Brain, bone, or liver metastases developed in 45.36% (n = 44) of patients in the metachronous cohort and 45.23% (n = 57) of patients in the synchronous cohort (P = .87). In total, 96.9% (n = 94) and 43.7% (n = 55) of patients in the metachronous and synchronous cohorts, respectively, had prior nephrectomy (P < .001).
The median OS was 28.0 months in patients with synchronous disease vs 50.9 months in those with metachronous disease (HR, 2.23; 95% CI, 1.36-3.65; P = .001), with a log-rank P value of .0011. When adjusted in a multivariable analysis, the hazard ratio (HR) for synchronous vs metachronous disease was 1.96 (95% CI, 1.17-3.27; P = .010). When adjusted for age at the time of first-line treatment initiation, sex, histology, and IMDC risk, the HRs were 1.01 (95% CI, 0.99-1.03; P = .416), 1.08 (95% CI, 0.66-1.76; P = .761), 0.54 (95% CI, 0.31-0.93; P = .026), and 1.62 (95% CI, 0.63-4.18; P = .315), respectively.
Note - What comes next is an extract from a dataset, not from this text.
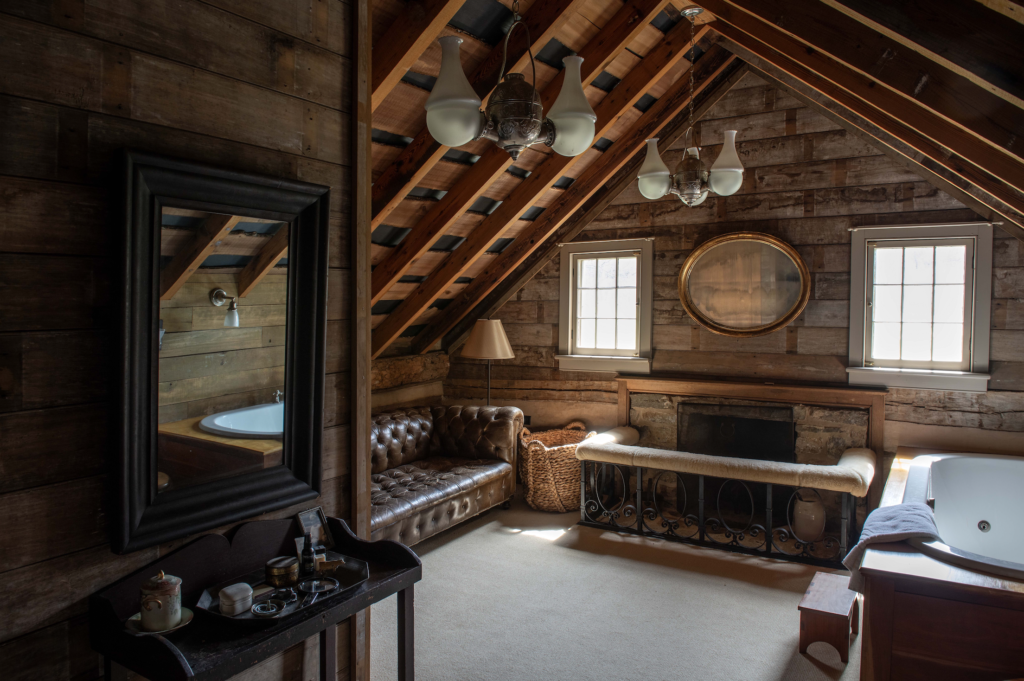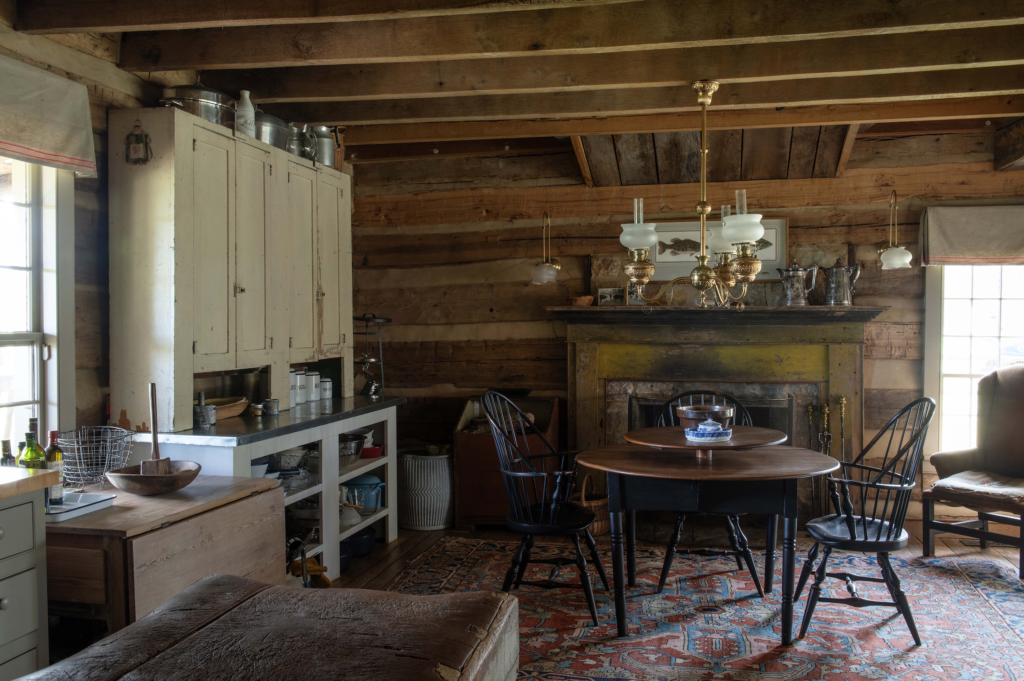 Inside, O’Neal turned her sharp eye to sourcing antiques that would not only fit with the cabins’ backstories, but also with the family’s local lineage. “In the living room is probably where I feel the influence of history most strongly,” she says. “The people we bought the cabin from had taken out one of the mantels and put it in their own house. Obviously, I couldn’t very well say, ‘Hey, give me that mantel.’ But I did ask if we could copy it.” She chose to paint the reproduction sky blue, a color that would certainly have been in use in the 1860s, and which echoes in small moments throughout the house.

The DCRs were 62% in patients with synchronous disease vs 86% in those with metachronous disease (P = .001). Of the 119 evaluable patients in the synchronous cohort, 4% (n = 5), 24% (n = 28), 34% (n = 41), and 38% (n = 45) achieved a complete response (CR), partial response (PR), stable disease (SD), or progressive disease (PD), respectively, and 7 patients were not assessed. Of the 88 evaluable patients in the metachronous cohort, 6% (n = 5), 30% (n = 26), 51% (n = 45), and 14% (n = 12) achieved a CR, PR, SD, or PD, respectively, and 9 patients were not assessed. When adjusted in a multivariable analysis, the HR for synchronous vs metachronous disease was 0.29 (95% CI, 0.13-0.64; P = .002). When adjusted for age at the time of first-line treatment initiation, sex, and histology, the HRs were 1.03 (95% CI, 1.00-1.06; P = .084), 1.08 (95% CI, 0.52-2.26; P = .838), and 3.04 (95% CI, 1.33-6.95; P = .008), respectively.
Gebrael cited the retrospective nature of this study and its small sample size as key limitations of this research.
“Further validation is needed in larger prospective datasets,” Gebrael concluded. “These data could inform future clinical trial designs.”